*EXERCISE*: All pictures are to be omitted while the lines starting at the line with "Polis uygulamasından kaçan" and ending at the line with "Unsere fögersopie, also" in the material below are retyped exactly, both ends included.

*DATA SHOWN*:

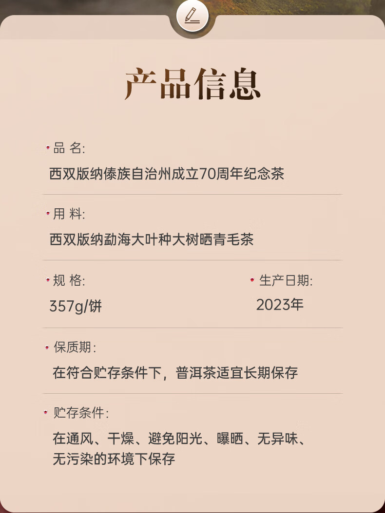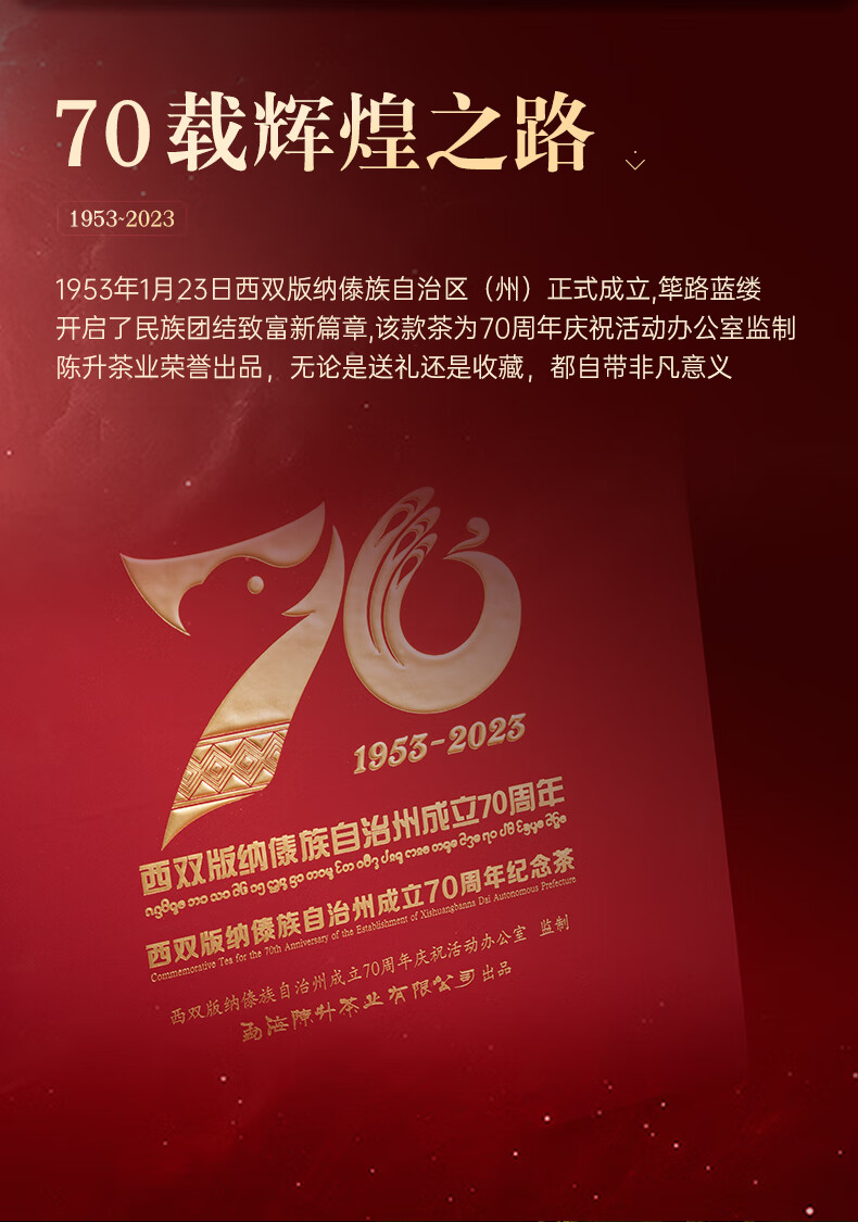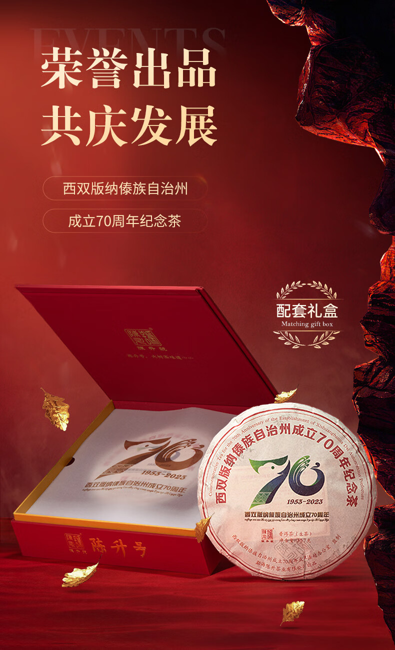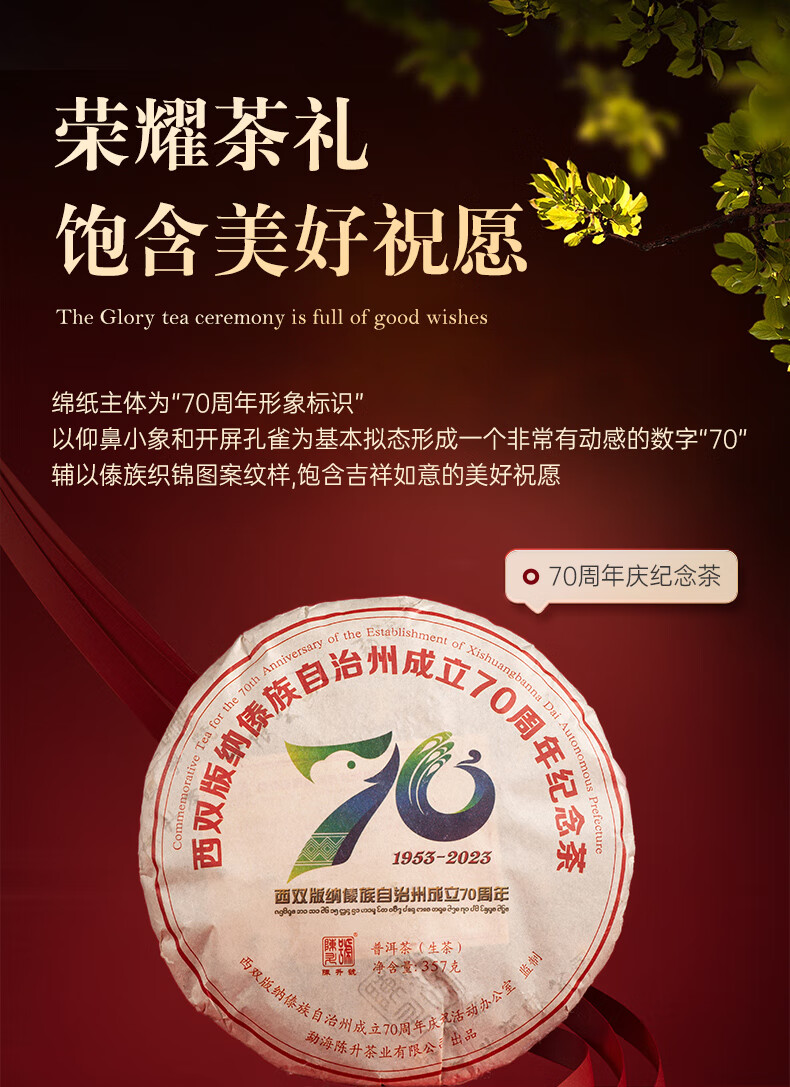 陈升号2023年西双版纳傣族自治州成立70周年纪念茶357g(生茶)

* * *

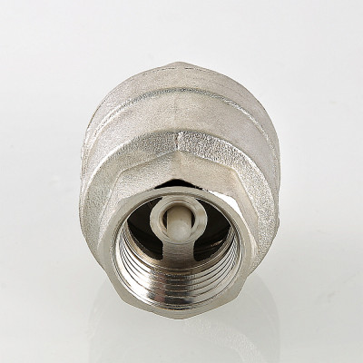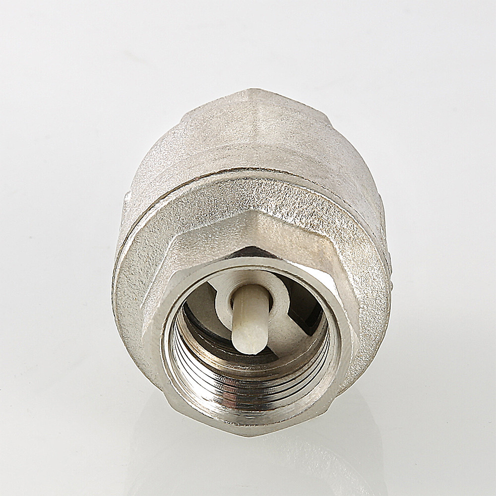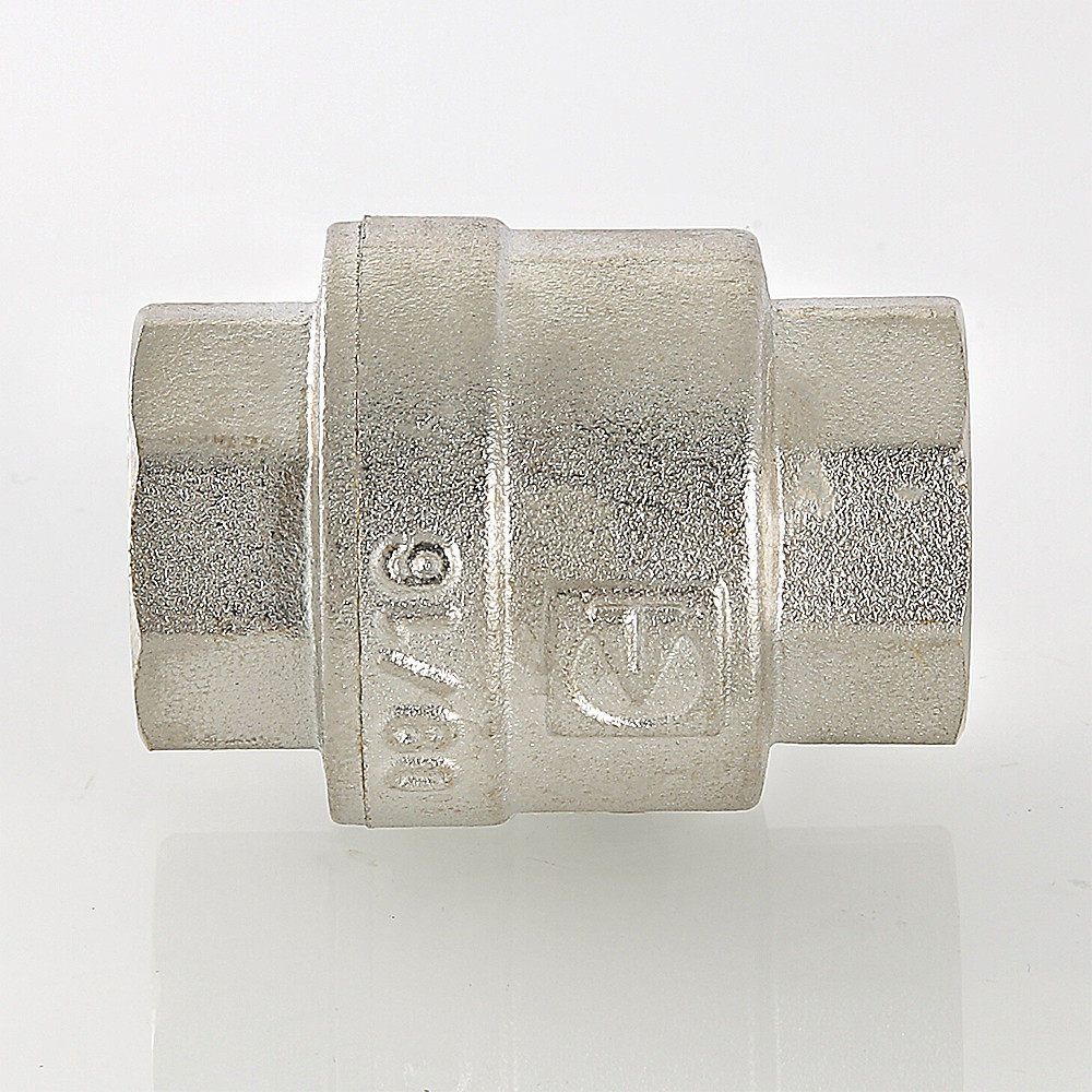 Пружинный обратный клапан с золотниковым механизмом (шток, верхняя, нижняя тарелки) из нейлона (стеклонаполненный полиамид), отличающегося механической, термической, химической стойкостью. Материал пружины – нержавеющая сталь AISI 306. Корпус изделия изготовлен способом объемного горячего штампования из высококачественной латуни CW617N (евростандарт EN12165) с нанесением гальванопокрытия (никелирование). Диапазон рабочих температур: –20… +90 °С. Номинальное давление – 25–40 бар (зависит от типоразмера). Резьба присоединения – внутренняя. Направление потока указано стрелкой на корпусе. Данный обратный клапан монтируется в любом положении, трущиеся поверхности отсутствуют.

* * *

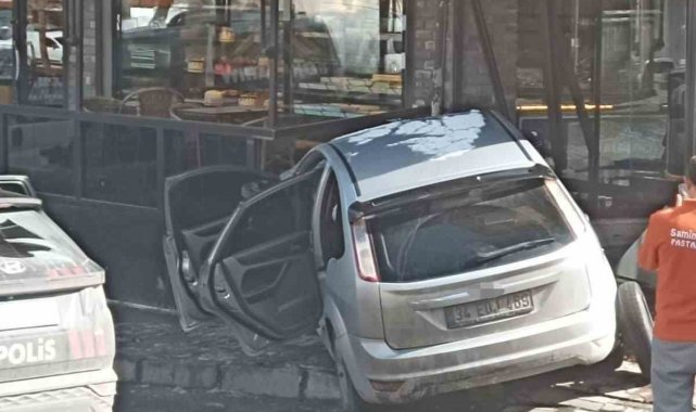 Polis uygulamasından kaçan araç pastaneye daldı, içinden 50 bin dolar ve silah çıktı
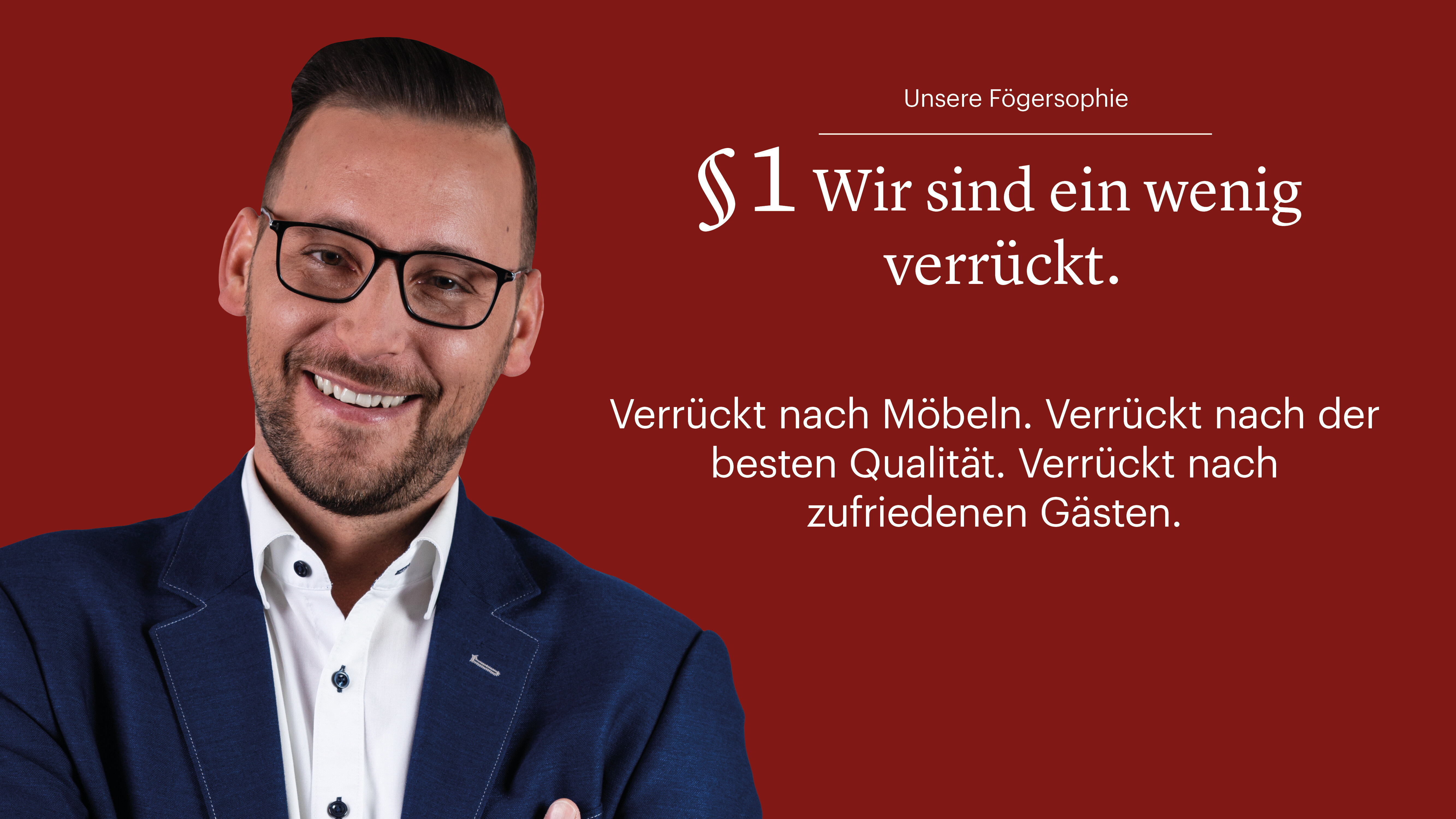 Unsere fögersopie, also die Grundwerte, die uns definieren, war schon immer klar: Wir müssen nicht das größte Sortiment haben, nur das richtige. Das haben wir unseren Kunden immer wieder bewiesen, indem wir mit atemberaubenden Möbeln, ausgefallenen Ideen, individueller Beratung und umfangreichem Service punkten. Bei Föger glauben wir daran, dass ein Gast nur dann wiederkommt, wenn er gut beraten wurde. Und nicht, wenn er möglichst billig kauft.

*ANSWER FOR THE TASK*:
 Polis uygulamasından kaçan araç pastaneye daldı, içinden 50 bin dolar ve silah çıktı
 Unsere fögersopie, also die Grundwerte, die uns definieren, war schon immer klar: Wir müssen nicht das größte Sortiment haben, nur das richtige. Das haben wir unseren Kunden immer wieder bewiesen, indem wir mit atemberaubenden Möbeln, ausgefallenen Ideen, individueller Beratung und umfangreichem Service punkten. Bei Föger glauben wir daran, dass ein Gast nur dann wiederkommt, wenn er gut beraten wurde. Und nicht, wenn er möglichst billig kauft.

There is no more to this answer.